ORDERED that the order is modified, on the law and the facts, by deleting the provisions thereof, in effect, reducing the father's parental access from weekly to biweekly parental access with the children and, in effect, delegating to the parties the selection of a mental health professional for supervised parental access and to the mental health professional the scheduling of supervised parental access; as so modified, the order is affirmed insofar as appealed from, without costs or disbursements, and the matter is remitted to the Family Court, Queens County, to forthwith set an appropriate schedule and select a mental health professional for the father's supervised parental access with the children; and it is further,
ORDERED that, in the interim, the parental access provisions set forth in the order shall remain in effect, except that the father shall have weekly supervised parental access instead of biweekly supervised parental access, dependent on the father's availability or other limitations.
The parties have two children together, born in 2013 and 2015, respectively.
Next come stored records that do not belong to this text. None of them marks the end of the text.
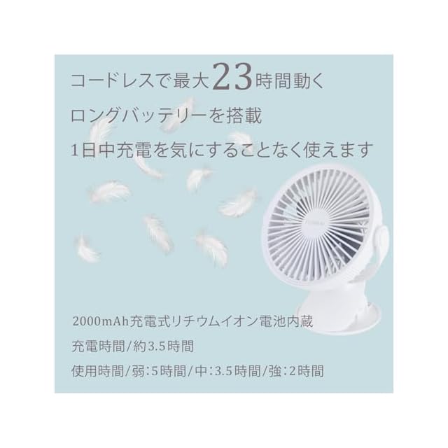 【2000mAh充電式リチウムイオン電池内蔵】充電時間3.5時間で弱風時は約5時間、中風時は約3.5時間、強風時は約2時間使用可能です。USBアダプターからも簡単に充電可能で充電中も使用できるため、どこでも快適な風を楽しむことができます。本体と電源を接続すると充電ランプ(充電中:赤/充電済:緑)が点灯します。※コードレスでの使用は、始めに本体を充電してください。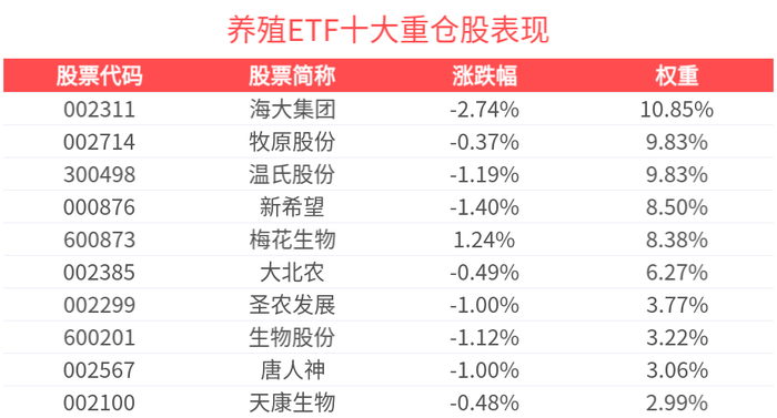 数据显示,截至2025年2月28日,中证畜牧养殖指数(930707)前十大权重股分别为海大集团(002311)、温氏股份(300498)、牧原股份(002714)、新希望(000876)、梅花生物(600873)、大北农(002385)、圣农发展(002299)、生物股份(600201)、唐人神(002567)、天康生物(002100),前十大权重股合计占比69.16%。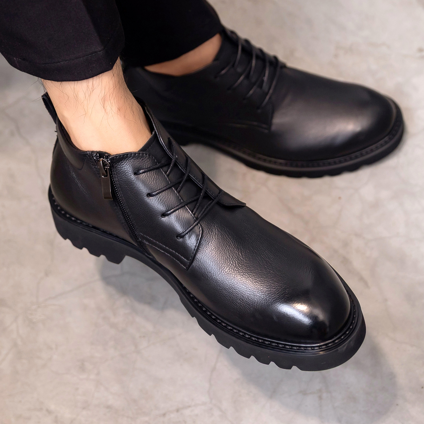 日系马丁靴男真皮系带侧拉链英伦短靴潮流休闲高帮短筒切尔丁靴子

In a so-ordered stipulation of settlement dated January 23, 2017 (hereinafter the stipulation), the parties agreed that the mother would have sole custody of the children, with certain unsupervised parental access to the father. After a hearing, the Family Court granted the mother's petition, in effect, to modify the stipulation so as to reduce the father's parental access from weekly to biweekly parental access with the children and to require that the father's parental access be supervised by a mental health professional. The court, in effect, delegated to the parties the selection of a mental health professional for supervised parental access and to the mental health professional the scheduling of supervised parental access. The father appeals.
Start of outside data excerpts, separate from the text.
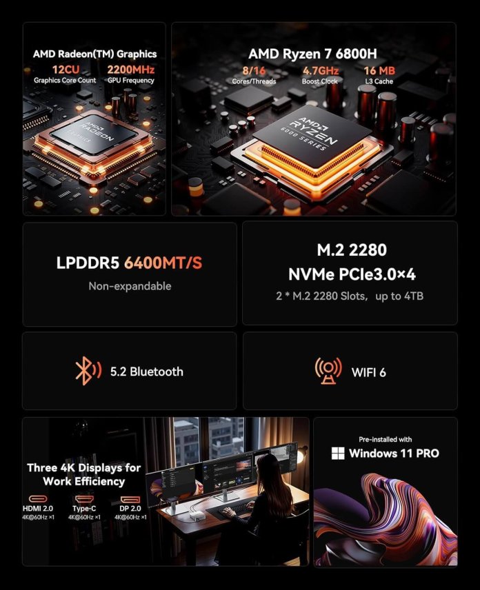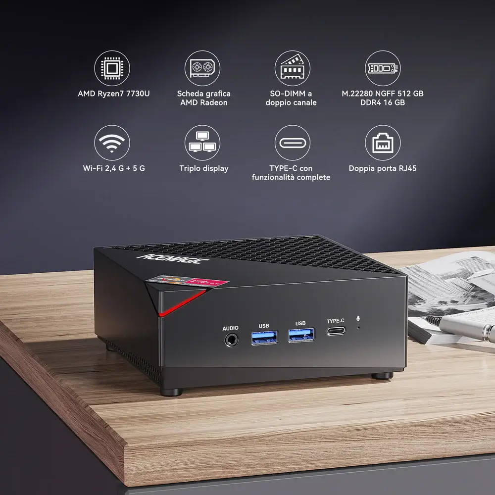 Per chi cerca un sistema bilanciato, l’ACEMAGIC AM06Pro rappresenta una soluzione estremamente interessante. Basato su processore AMD Ryzen 7 7730U, sempre accompagnato da 16GB di RAM e SSD da 512GB, questo modello punta su efficienza energetica e stabilità operativa. La serie Ryzen 7 7730U è particolarmente indicata per smart working, gestione documentale, piattaforme cloud, videoconferenze e utilizzo multimediale avanzato.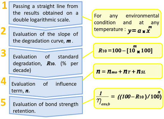 This reduction can be extrapolated from each individual degradation line (iv) in the sixth step, the influence term “n” is calculated using Equation (4):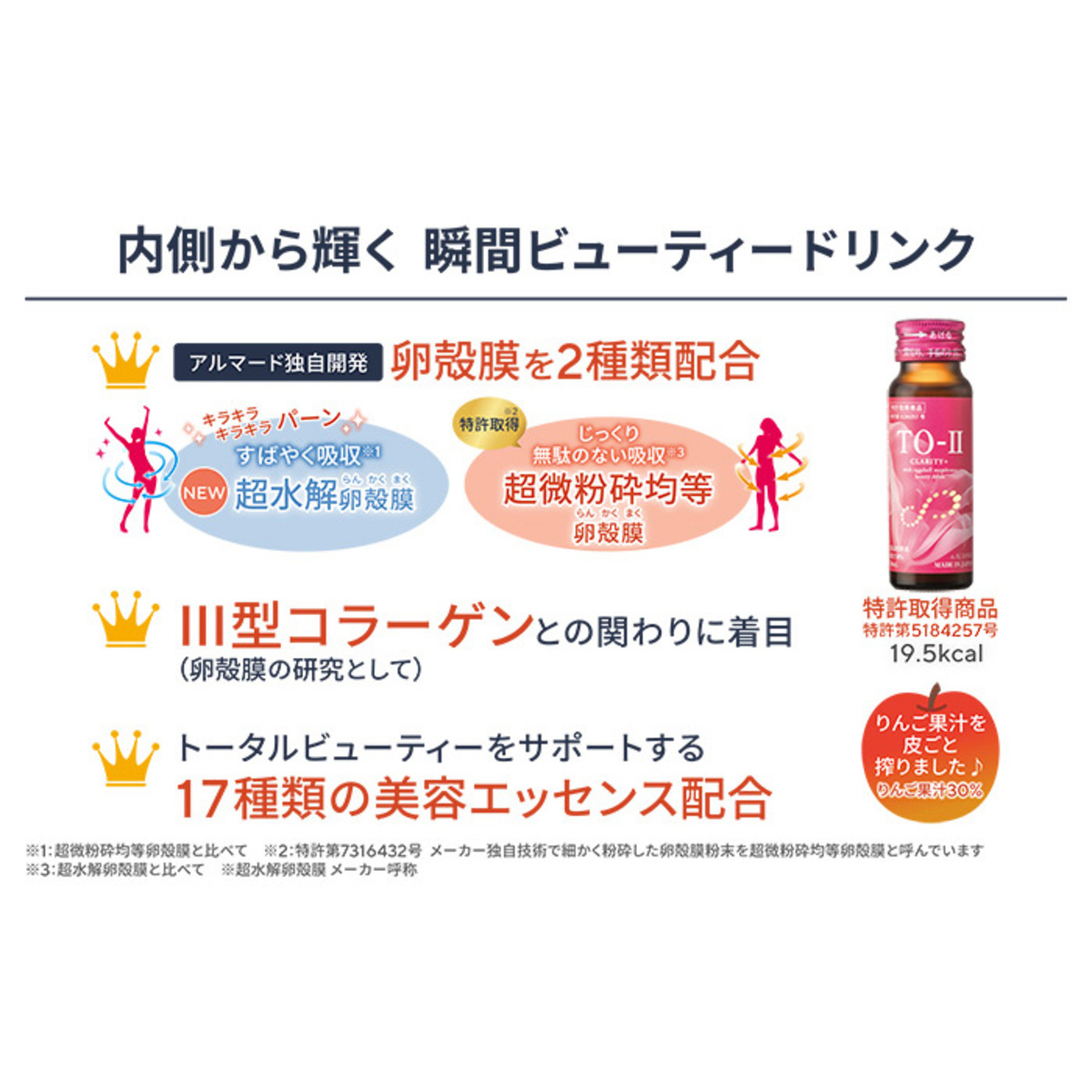 配合量が10%アップ!2種類の卵殻膜(超水解卵殻膜粉末、超微粉砕均等の卵殻膜粉末*1)を配合。リンゴ果汁をたっぷりを使用した美容ドリンクです。超微粉砕均等卵殻膜*1、卵白カラザ粉末、ナツメエキス末(ナツメ抽出物)を配合。卵殻膜粉末を含有する飲料として特許取得しています(特許第5184257号)。さらに独自開発した超微粉砕均等卵殻膜*1は、製造方法に関する特許を取得しています(第7316432号)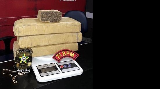 De imediato policiais civis e militares do CISP se dirigiram ao local e não encontraram o suspeito, mas resolveram fazer buscas na área, encontrando uma saliência na areia, e após cavar, localizaram o referido balde com uma balança de precisão e aproximadamente 3 kg de maconha prensada.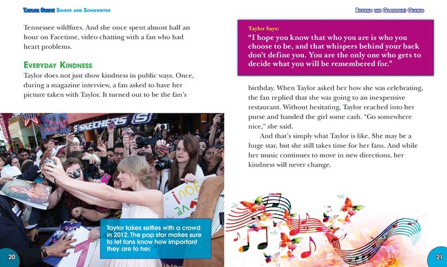 Musician Taylor Swift has written music that puts her heart on the page, but even at a young age, Swift was clearly more than a lovelorn songwriter. This vibrant biography offers a glimpse into the musical celebrity's life, her childhood, her rise to fame, and her impressive accomplishments along the way. Readers will learn about her staunch stance on how she is photographed, her support of other female musicians, and her giving spirit. Quotes straight from Swift's lips further inspire the fan and budding musician alike.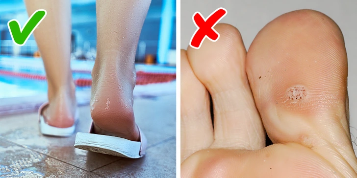 Иако може да се чувствувате пријатно да се оди бос на топлиот под околу базенот, всушност постојат многу причини да ги ставите вашите апостолки, а спречувањето на брадавици е една од нив. Топлите и влажни средини создаваат совршена почва за размножување бактерии, а кога вашата кожа е влажна и мека, ја прави поранлива на разни инфекции, вклучително и хуман папилома вирусот. Носењето апостолки во јавни тушеви и базени може да го намали ризикот од добивање брадавици на нозете.

“Modification of a court-approved stipulation setting forth the terms of custody or parental access is permissible only upon a showing that there has been a sufficient change in circumstances such that modification is necessary to ensure the best interests and welfare of the child” (Matter of Burke v. Squires, 202 A.D.3d 784, 785, 162 N.Y.S.3d 434; see Matter of Fernandez v. Rasberry, 238 A.D.3d 870, 871, 234 N.Y.S.3d 254). “Supervised parental access is appropriately required only where it is established that unsupervised parental access would be detrimental to the child” (Matter of Gray v. Tyson, 205 A.D.3d 720, 722, 168 N.Y.S.3d 491 [internal quotation marks omitted]; see Matter of Lynch v. Fittipaldi–Lynch, 183 A.D.3d 741, 741, 121 N.Y.S.3d 911). “A determination with respect to parental access, including whether it should be supervised, is within the sound discretion of the Family Court, and its determination will not be set aside unless it lacks a sound and substantial basis in the record” (Matter of Devine v. Dominguez, 210 A.D.3d 768, 769, 177 N.Y.S.3d 345; see Matter of Lynch v. Fittipaldi–Lynch, 183 A.D.3d at 742, 121 N.Y.S.3d 911).
Here, the Family Court's determination that there had been a change in circumstances since the parties entered into the stipulation, and that it was in the children's best interests that the father's parental access be supervised by a mental health professional, was supported by a sound and substantial basis in the record (see Matter of Lynch v. Fittipaldi–Lynch, 183 A.D.3d at 742, 121 N.Y.S.3d 911; see also Matter of Gray v. Tyson, 205 A.D.3d at 722, 168 N.Y.S.3d 491).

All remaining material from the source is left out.